Your task: Pictures in the listing below are skipped, while the lines from the "天博國(guó)際有限公司現" line through the "Exquisitely modern with" line are returned word for word.

Information given:
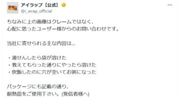 これまでにユーザーからは「湯せんしたら袋が溶けた」「教えてもらった通りにやったら溶けた」「炊飯したのに穴が空いておかゆになった」という情報が寄せられているということです。
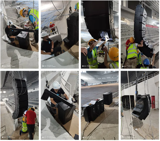 天博國(guó)際有限公司現(xiàn)場(chǎng)總負(fù)責(zé)人林社麟先生說道:“我們現(xiàn)場(chǎng)進(jìn)行安裝工作的時(shí)間十分有限,因此我們?cè)诘孛嫔习丫€陣列音箱組裝起來,并按照模擬軟件NS-1計(jì)算出來的角度和方向,調(diào)整好每個(gè)音箱,再把音箱吊掛到離地面十多米的位置固定好。再通過Dante網(wǎng)絡(luò)在電腦上使用NeMo軟件遠(yuǎn)程操控。將音量,增益,延時(shí),分頻點(diǎn)及輸出跳線設(shè)置好,并對(duì)音箱進(jìn)行檢查。最后這個(gè)體育館具有聲壓均衡且高清晰度的效果。”
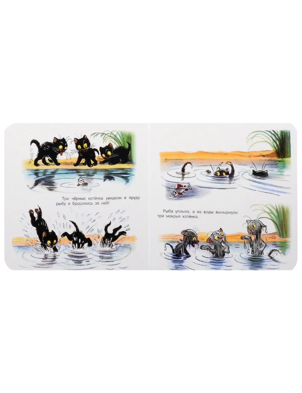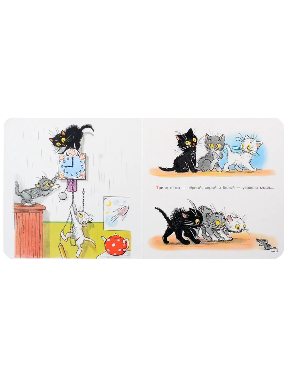В этой книжке В. Сутеева любопытных крошек ждут три непоседливых котёнка!
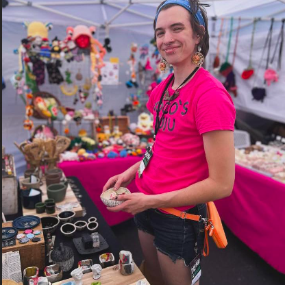 life-longer queer fiber artist Jerusha has been crocheting since 7 years old, creating functional, fun, and sometimes weird crochet items
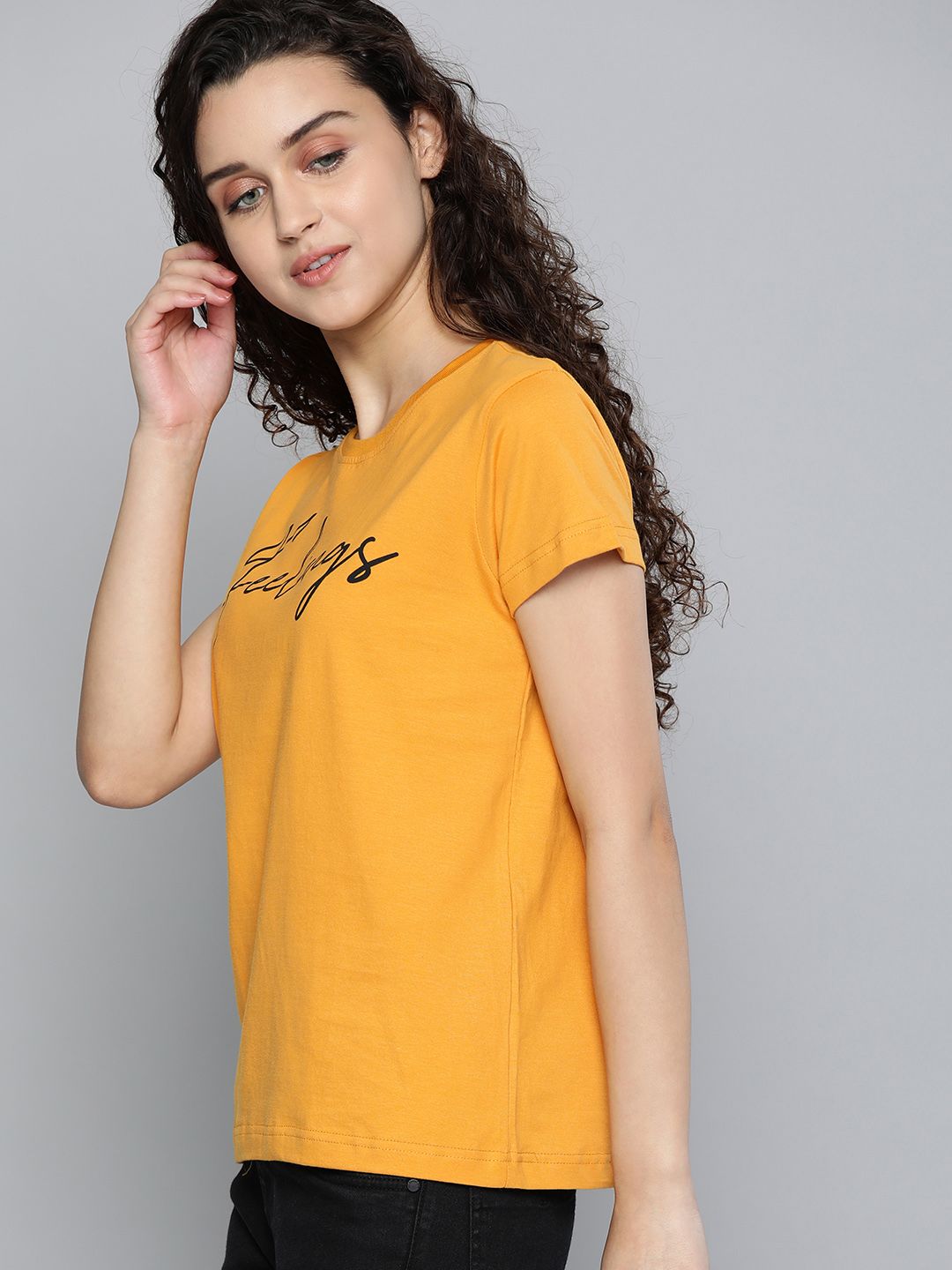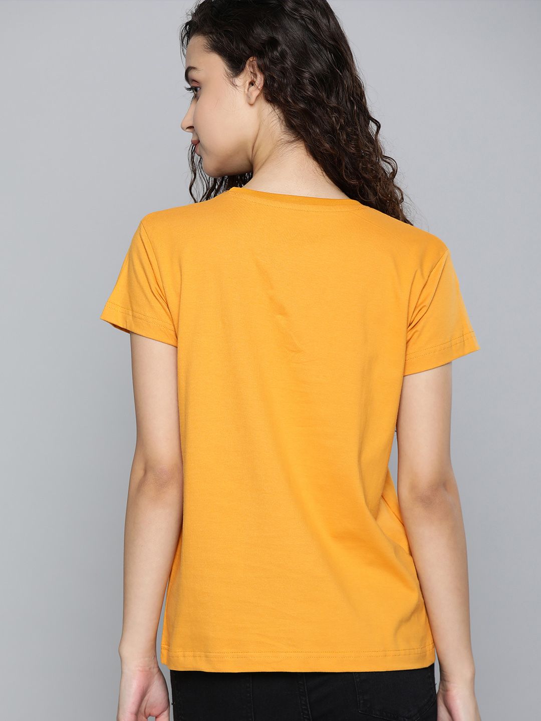 DILLINGER Women Mustard Yellow Printed Round Neck Regular Fit Pure Cotton T-shirt
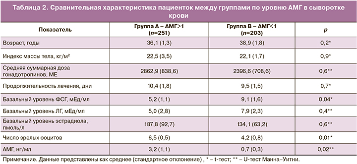 Все КК, включенные в исследование, были разделены на 2 группы, в зависимости от показателей уровня АМГ пациенток: группа А (n=251) – ооциты, полученные у пациенток с уровнем АМГ >1; группа Б (n=203) – ооциты, полученные у пациенток с уровнем АМГ <1.
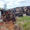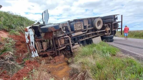 Um caminhão baú tombou sobre a faixa que liga os municípios de São Pedro do Sul e Dilermando de Aguiar no início da tarde...
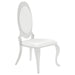 Exquisitely modern with a hint of Art Deco design, this chrome and black tempered glass dining set will make an incredible impact on your dining space. The double hooped designs serve a spectacular base in a chrome finish, which beautifully complements the tabletop. Armless chairs accompany the set with pearlized leatherette upholstery which contrasts with the tabletop. Oval shape backrests are complemented with cabriole style legs in an unexpected chrome finish. Bring this set into your space for an incredible twist to your modern decor.
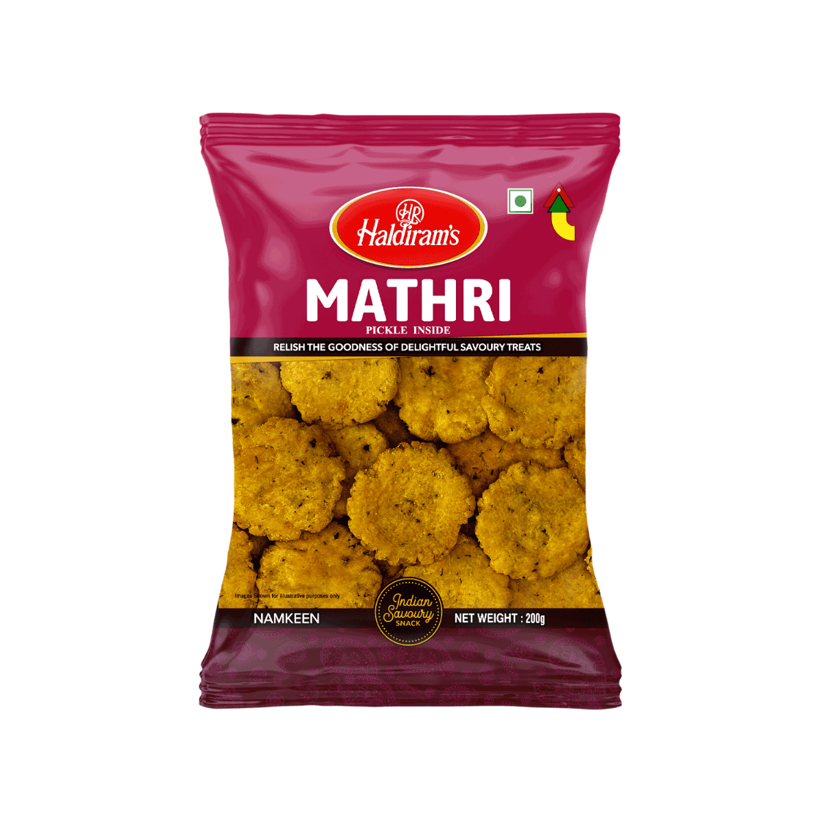 Hergestellt aus feinstem Mehl und sorgfältig ausgewählten Gewürzen, ist jede Mathri von Haldirams ein Meisterwerk der indischen Küche. Jeder Bissen ist ein Fest für die Sinne, da sich die Kombination aus verschiedenen Gewürzen entfaltet und einen unvergesslichen Geschmack hinterlässt.

Answer to the problem:
 天博國(guó)際有限公司現(xiàn)場(chǎng)總負(fù)責(zé)人林社麟先生說道:“我們現(xiàn)場(chǎng)進(jìn)行安裝工作的時(shí)間十分有限,因此我們?cè)诘孛嫔习丫€陣列音箱組裝起來,并按照模擬軟件NS-1計(jì)算出來的角度和方向,調(diào)整好每個(gè)音箱,再把音箱吊掛到離地面十多米的位置固定好。再通過Dante網(wǎng)絡(luò)在電腦上使用NeMo軟件遠(yuǎn)程操控。將音量,增益,延時(shí),分頻點(diǎn)及輸出跳線設(shè)置好,并對(duì)音箱進(jìn)行檢查。最后這個(gè)體育館具有聲壓均衡且高清晰度的效果。”
В этой книжке В. Сутеева любопытных крошек ждут три непоседливых котёнка!
 life-longer queer fiber artist Jerusha has been crocheting since 7 years old, creating functional, fun, and sometimes weird crochet items
 DILLINGER Women Mustard Yellow Printed Round Neck Regular Fit Pure Cotton T-shirt
 Все КК, включенные в исследование, были разделены на 2 группы, в зависимости от показателей уровня АМГ пациенток: группа А (n=251) – ооциты, полученные у пациенток с уровнем АМГ >1; группа Б (n=203) – ооциты, полученные у пациенток с уровнем АМГ <1.
 Um caminhão baú tombou sobre a faixa que liga os municípios de São Pedro do Sul e Dilermando de Aguiar no início da tarde...
 Exquisitely modern with a hint of Art Deco design, this chrome and black tempered glass dining set will make an incredible impact on your dining space. The double hooped designs serve a spectacular base in a chrome finish, which beautifully complements the tabletop. Armless chairs accompany the set with pearlized leatherette upholstery which contrasts with the tabletop. Oval shape backrests are complemented with cabriole style legs in an unexpected chrome finish. Bring this set into your space for an incredible twist to your modern decor.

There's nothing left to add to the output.